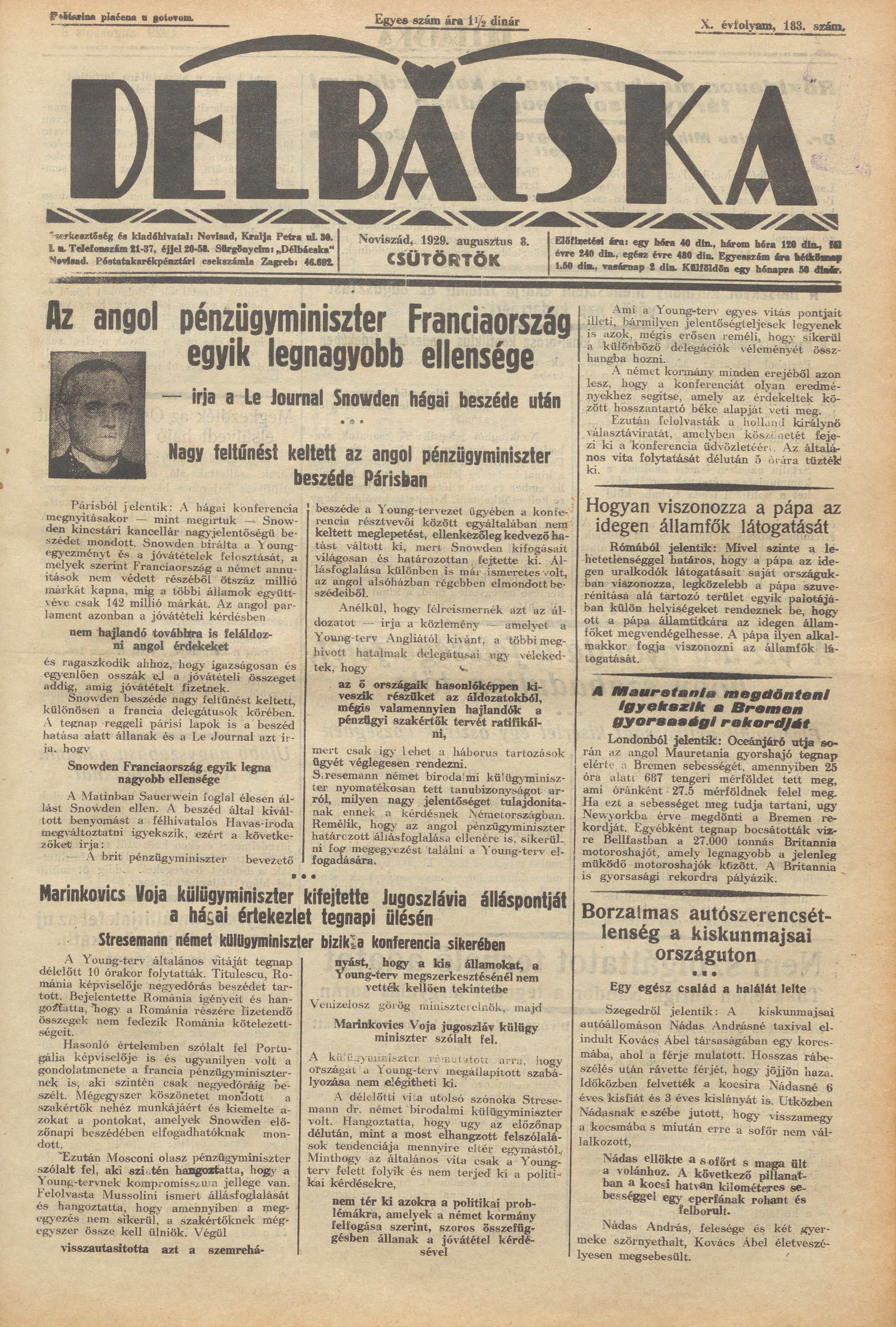 Délbácska, 10. évf. 1929. augusztus 8. 183. sz.
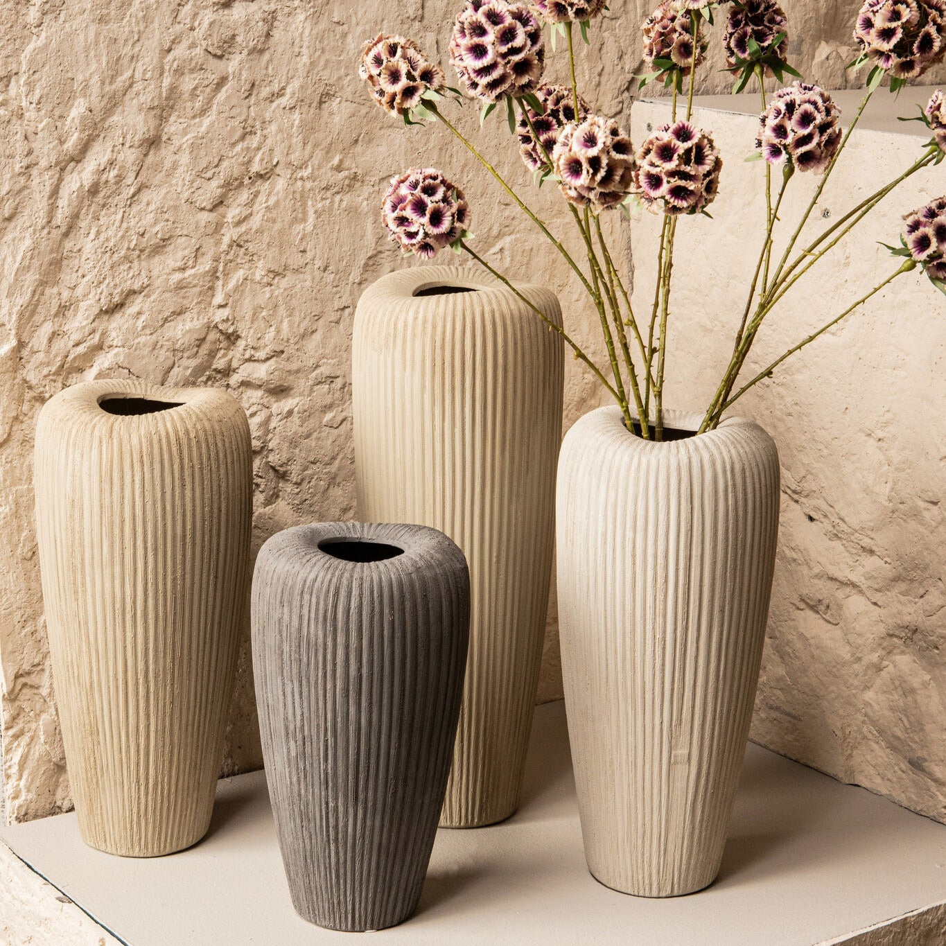 A Zinet virágtartó elegáns kialakításával, és függőleges bordás mintázatával igazán stílusos és karakteres megjelenést biztosít. A beltéri használatra javasolt kaspó kétféle méretben kapható, így egyedi elrendezéseket alkothatsz velük. A Zinet világosbarna, sötétszürke, és bézs színekben érhető el.
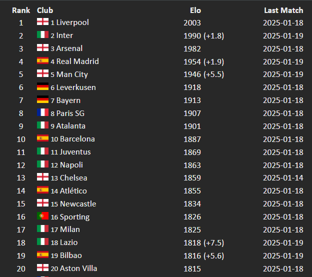 Dal nostro precedente sesto posto (che, ricordiamo, e' il nostro massimo di sempre) e causa gli ultimi incontri di campionato, scivoliamo al nono posto, superati da Leverkusen, Bayern e PSG (mica pizza e fichi....) ma, insomma, siamo sempre li', attaccati al treno. E persino davanti al Barcellona....

# # # #

Starting at the first line of the listing above, write out each line exactly and nothing else until you reach the line containing "A Zinet virágtartó", which is included as well; omit all pictures.

* TASK SOLUTION *
 Délbácska, 10. évf. 1929. augusztus 8. 183. sz.
 A Zinet virágtartó elegáns kialakításával, és függőleges bordás mintázatával igazán stílusos és karakteres megjelenést biztosít. A beltéri használatra javasolt kaspó kétféle méretben kapható, így egyedi elrendezéseket alkothatsz velük. A Zinet világosbarna, sötétszürke, és bézs színekben érhető el.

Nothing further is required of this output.